▶ [Data supplied]
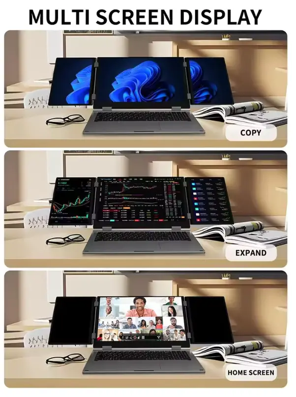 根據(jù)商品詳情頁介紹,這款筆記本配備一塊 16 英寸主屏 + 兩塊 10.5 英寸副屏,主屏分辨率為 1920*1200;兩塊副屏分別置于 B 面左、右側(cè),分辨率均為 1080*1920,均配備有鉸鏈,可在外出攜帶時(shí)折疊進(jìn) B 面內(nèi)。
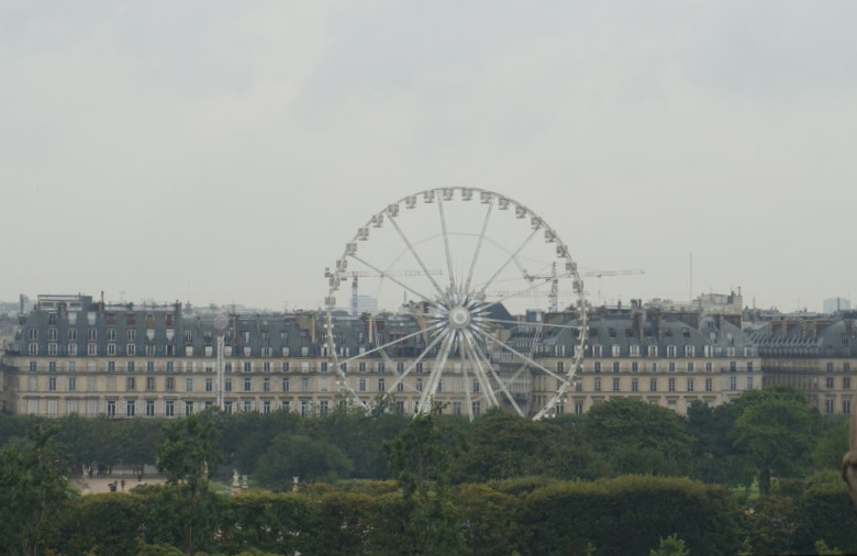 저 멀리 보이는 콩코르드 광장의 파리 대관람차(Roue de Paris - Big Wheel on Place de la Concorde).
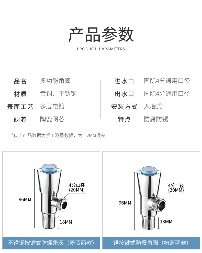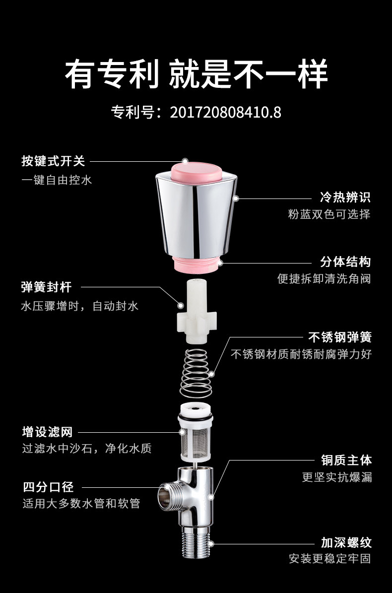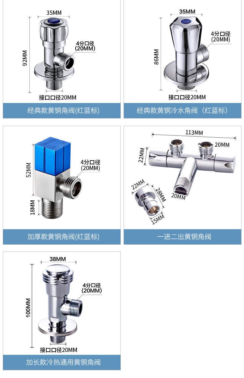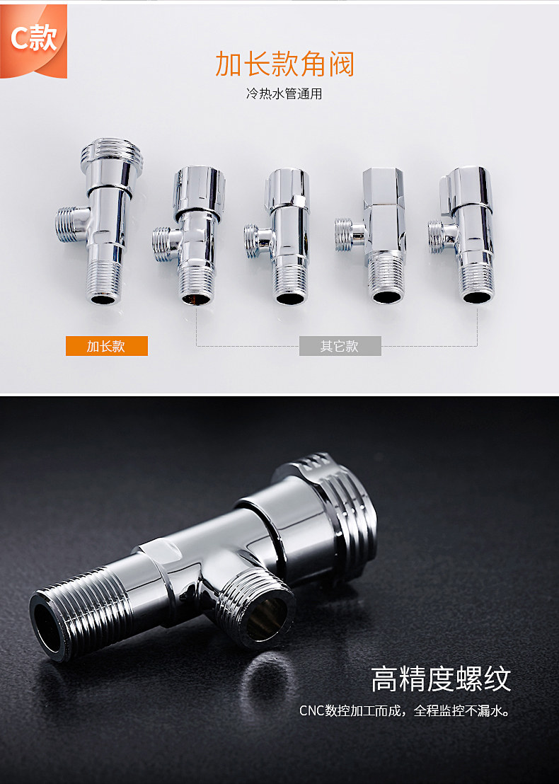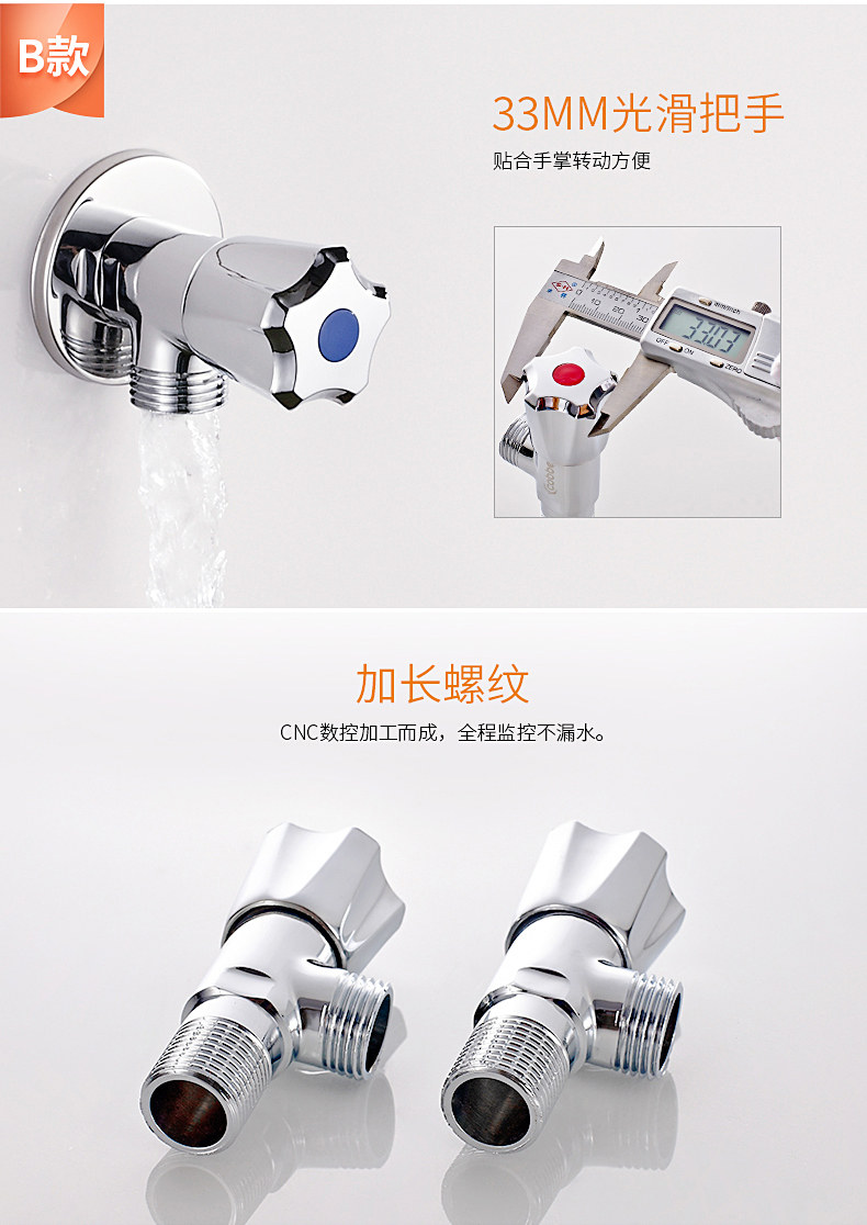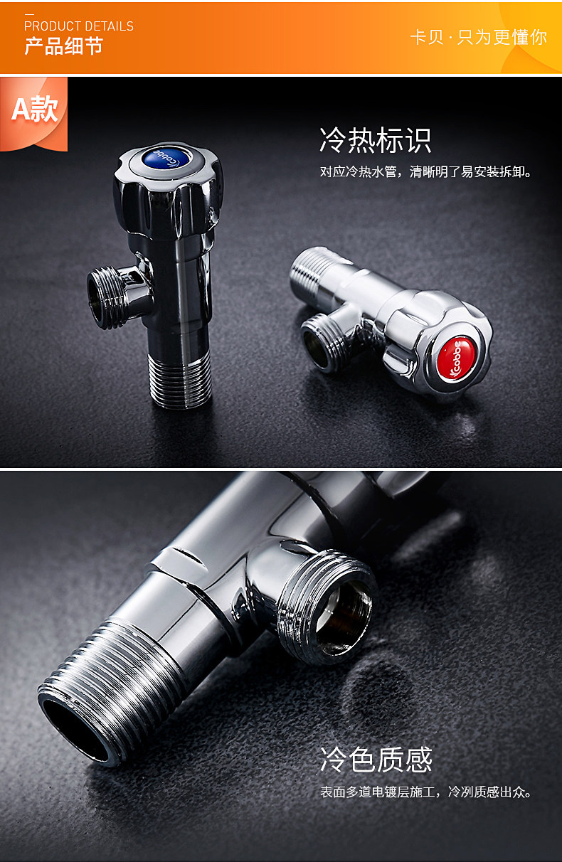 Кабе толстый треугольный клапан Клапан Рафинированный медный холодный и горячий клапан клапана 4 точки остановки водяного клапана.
==
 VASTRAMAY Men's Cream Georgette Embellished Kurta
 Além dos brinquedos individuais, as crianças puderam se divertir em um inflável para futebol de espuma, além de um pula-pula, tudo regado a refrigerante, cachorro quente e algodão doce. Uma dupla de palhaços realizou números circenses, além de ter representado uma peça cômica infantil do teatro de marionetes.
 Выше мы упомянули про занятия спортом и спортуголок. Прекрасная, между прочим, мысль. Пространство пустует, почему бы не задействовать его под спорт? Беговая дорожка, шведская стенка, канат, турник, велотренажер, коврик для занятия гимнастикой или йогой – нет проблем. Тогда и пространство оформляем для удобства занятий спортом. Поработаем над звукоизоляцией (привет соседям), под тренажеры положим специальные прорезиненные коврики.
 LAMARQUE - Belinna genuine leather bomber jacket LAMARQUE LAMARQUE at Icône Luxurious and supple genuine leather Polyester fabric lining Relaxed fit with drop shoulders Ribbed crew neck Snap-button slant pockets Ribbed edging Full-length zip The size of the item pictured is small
---
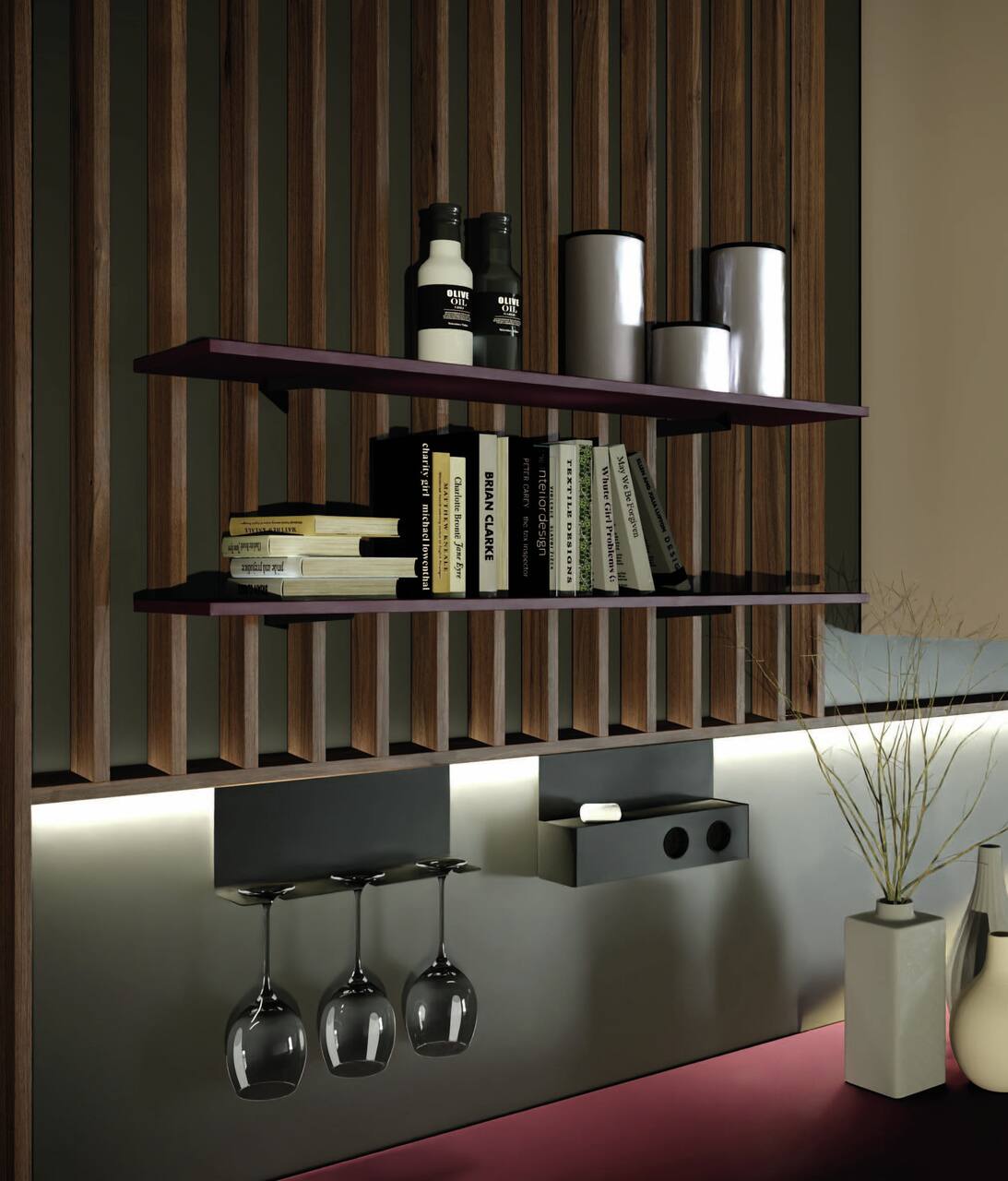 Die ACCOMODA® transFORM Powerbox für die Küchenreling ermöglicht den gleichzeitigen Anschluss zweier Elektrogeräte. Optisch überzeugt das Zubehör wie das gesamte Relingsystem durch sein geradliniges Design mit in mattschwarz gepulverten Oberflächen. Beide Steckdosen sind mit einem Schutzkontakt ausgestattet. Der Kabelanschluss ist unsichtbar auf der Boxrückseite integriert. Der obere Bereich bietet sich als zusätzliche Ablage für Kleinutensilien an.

▶ [What is required]
All that should appear in the answer is the lines above from the line with "根據(jù)商品詳情頁介紹,這款筆記本配備一塊 16 英寸主屏" through the line with "Кабе толстый треугольный", retyped exactly, pictures left out.

▶ [Result of the exercise]
 根據(jù)商品詳情頁介紹,這款筆記本配備一塊 16 英寸主屏 + 兩塊 10.5 英寸副屏,主屏分辨率為 1920*1200;兩塊副屏分別置于 B 面左、右側(cè),分辨率均為 1080*1920,均配備有鉸鏈,可在外出攜帶時(shí)折疊進(jìn) B 面內(nèi)。
 저 멀리 보이는 콩코르드 광장의 파리 대관람차(Roue de Paris - Big Wheel on Place de la Concorde).
 Кабе толстый треугольный клапан Клапан Рафинированный медный холодный и горячий клапан клапана 4 точки остановки водяного клапана.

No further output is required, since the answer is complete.